● **PROBLEM DETAILS**
Print, word for word, only the lines from the one with "打底衫不起球秋冬季男士长袖恤加绒加暖卫衣男小上衣服..." down to the last line of the listing below; no pictures.

● **RECORDED DATA**
----
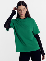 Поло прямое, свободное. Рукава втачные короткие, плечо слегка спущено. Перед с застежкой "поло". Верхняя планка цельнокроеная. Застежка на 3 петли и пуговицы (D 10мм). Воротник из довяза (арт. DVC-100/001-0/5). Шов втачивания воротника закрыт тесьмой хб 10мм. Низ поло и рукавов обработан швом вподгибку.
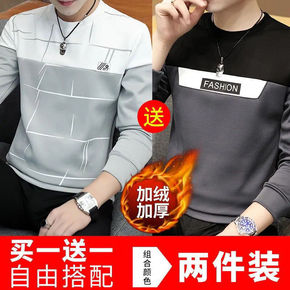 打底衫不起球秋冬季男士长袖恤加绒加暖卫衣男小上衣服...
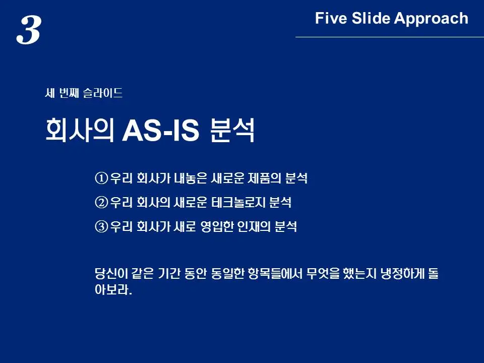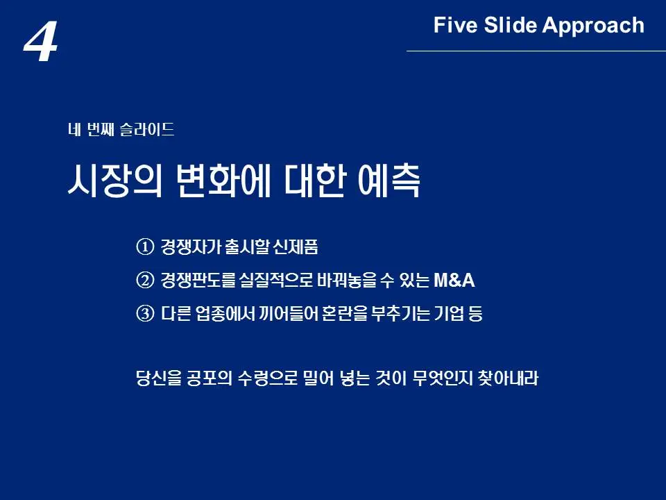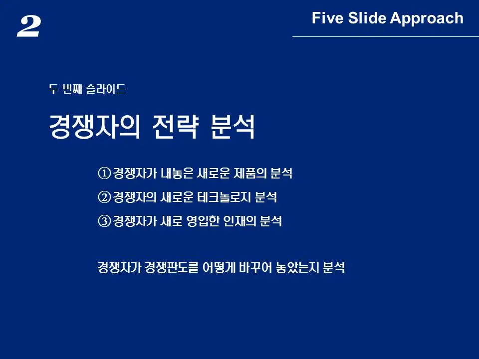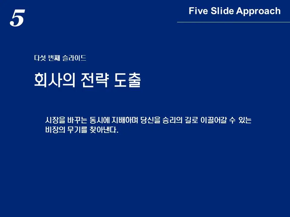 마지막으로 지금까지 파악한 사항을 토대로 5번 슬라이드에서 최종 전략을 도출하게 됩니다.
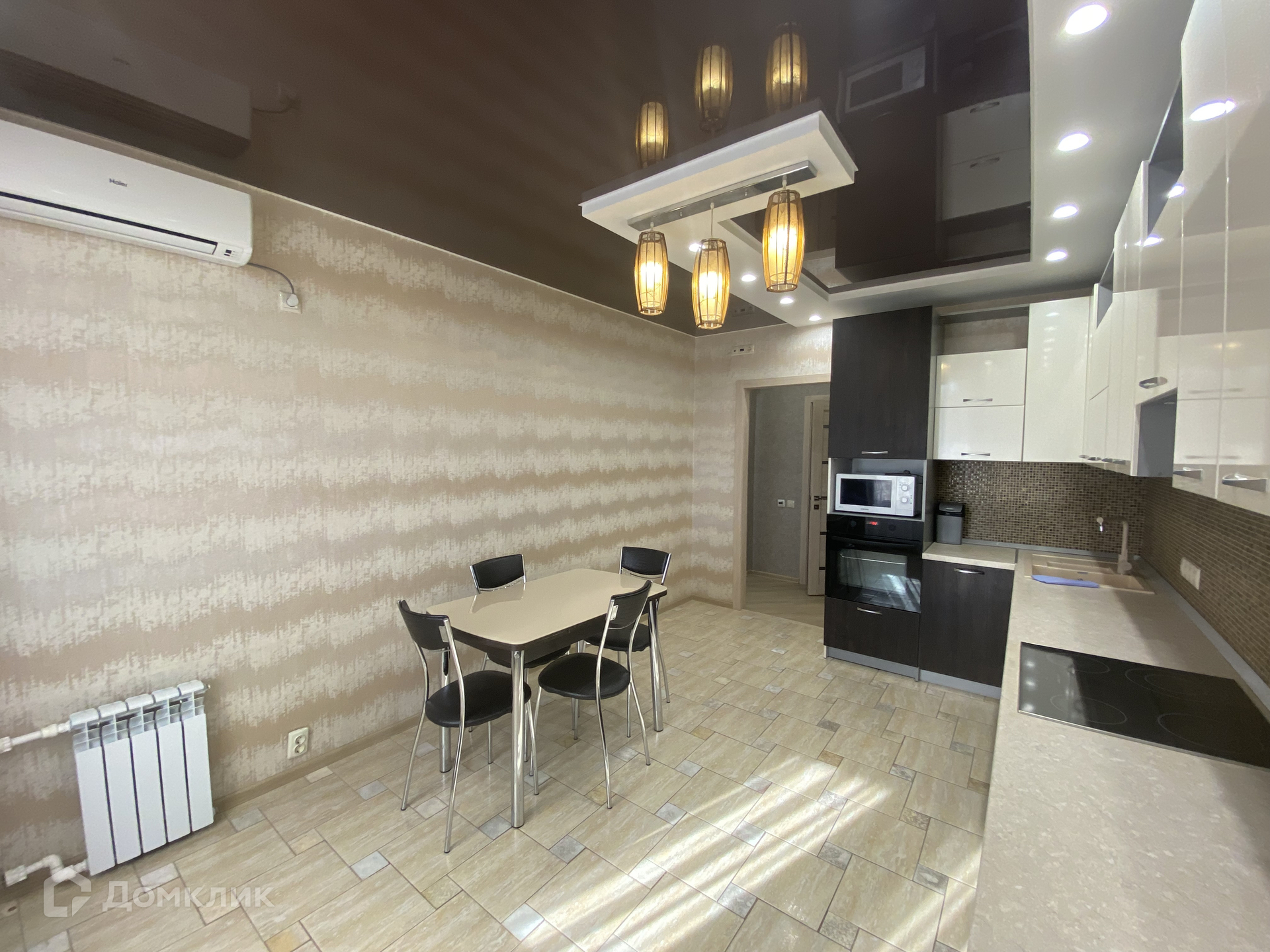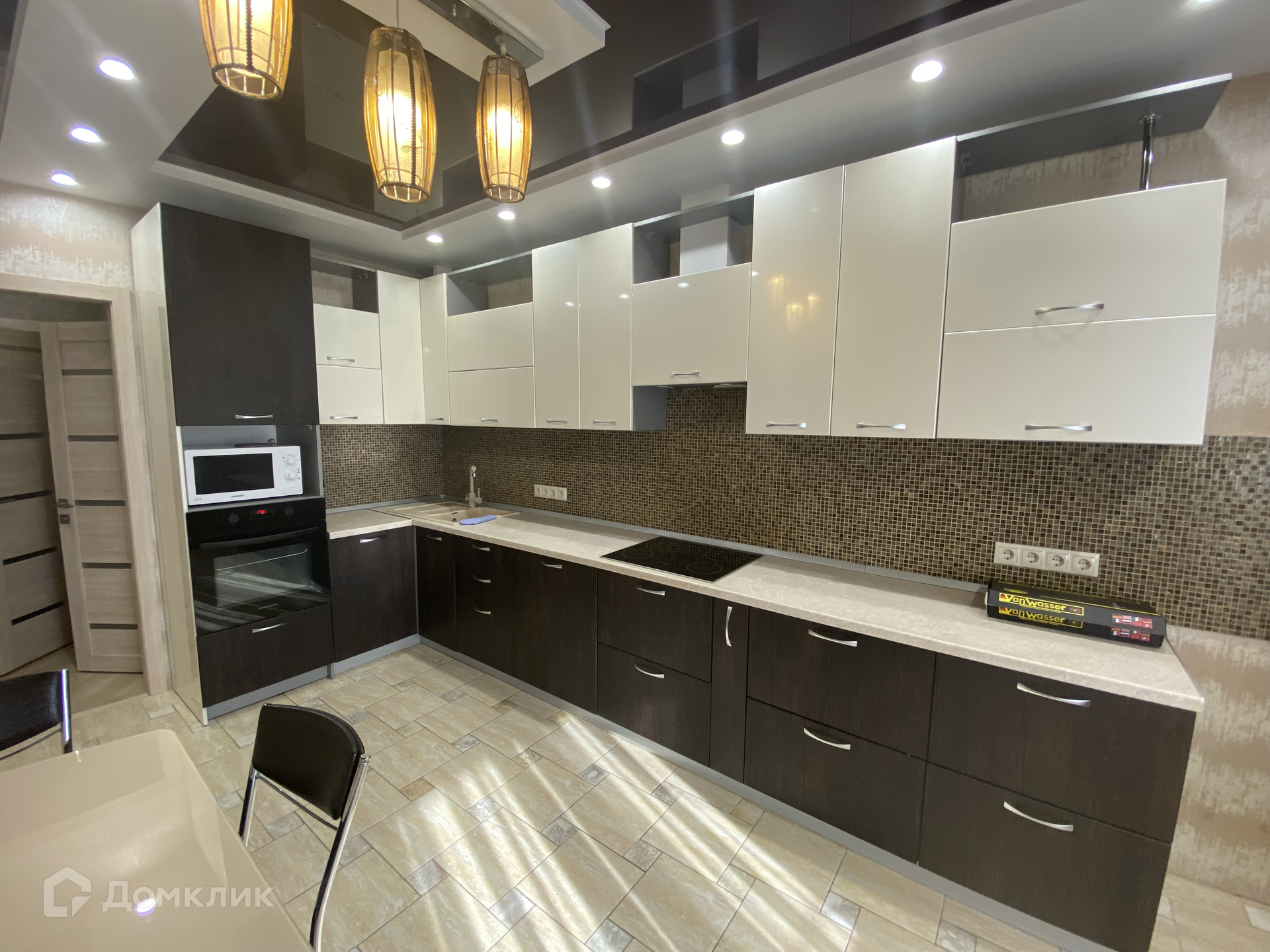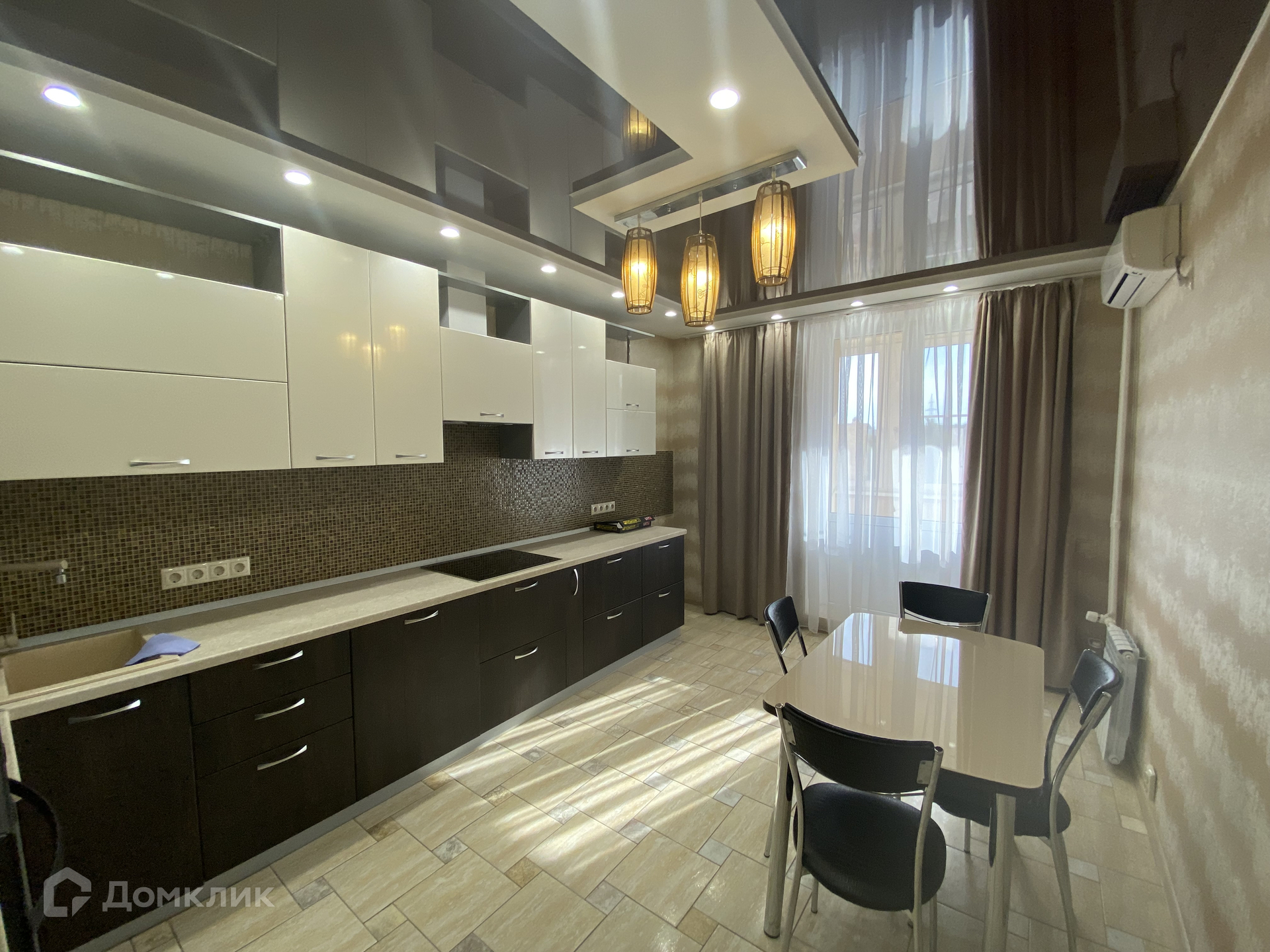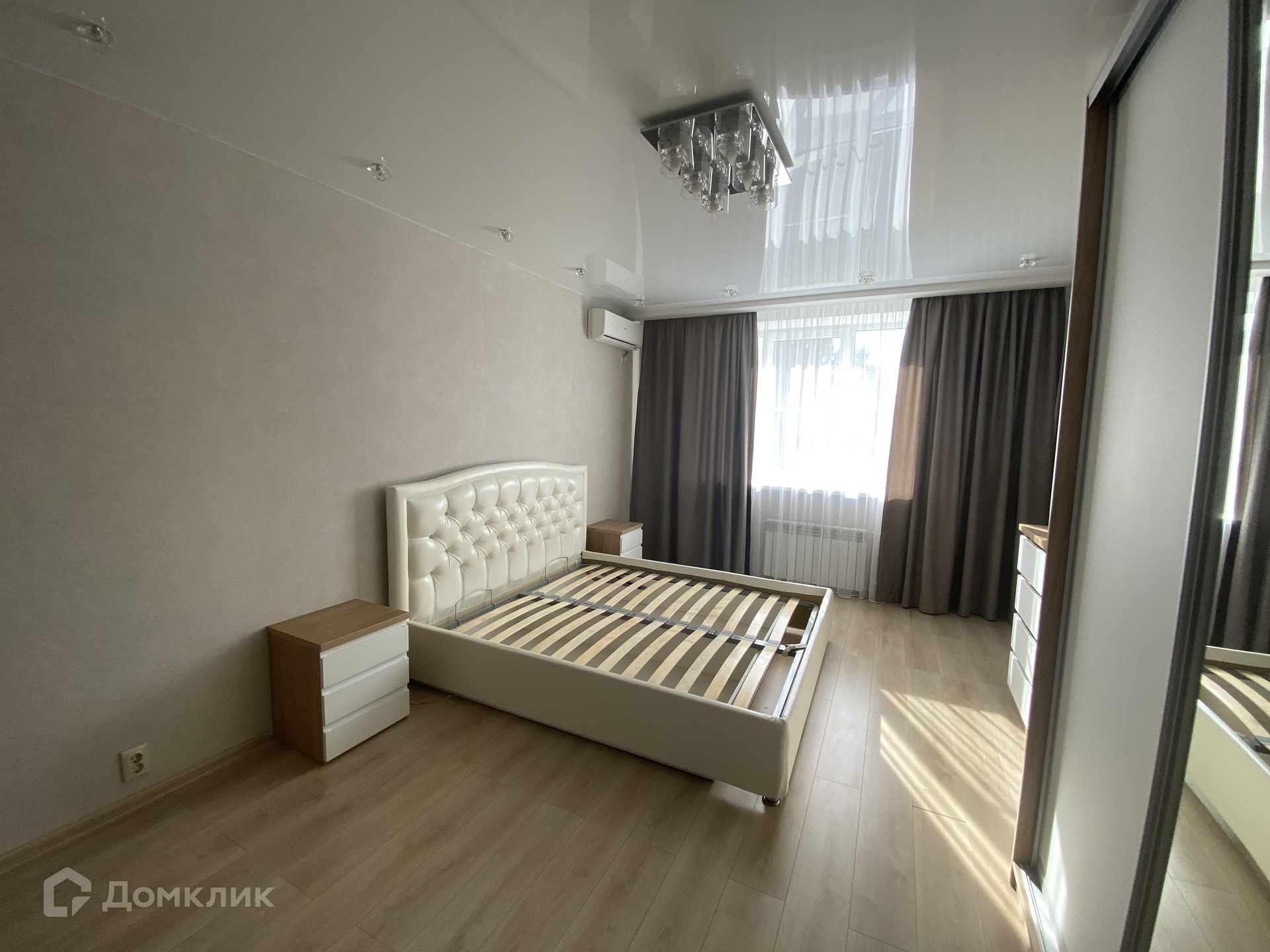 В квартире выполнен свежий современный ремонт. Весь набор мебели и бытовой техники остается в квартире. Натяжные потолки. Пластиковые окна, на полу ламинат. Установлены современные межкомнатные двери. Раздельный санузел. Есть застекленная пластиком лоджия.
----
● **OUTPUT FOR THIS EXERCISE**
 打底衫不起球秋冬季男士长袖恤加绒加暖卫衣男小上衣服...
 마지막으로 지금까지 파악한 사항을 토대로 5번 슬라이드에서 최종 전략을 도출하게 됩니다.
 В квартире выполнен свежий современный ремонт. Весь набор мебели и бытовой техники остается в квартире. Натяжные потолки. Пластиковые окна, на полу ламинат. Установлены современные межкомнатные двери. Раздельный санузел. Есть застекленная пластиком лоджия.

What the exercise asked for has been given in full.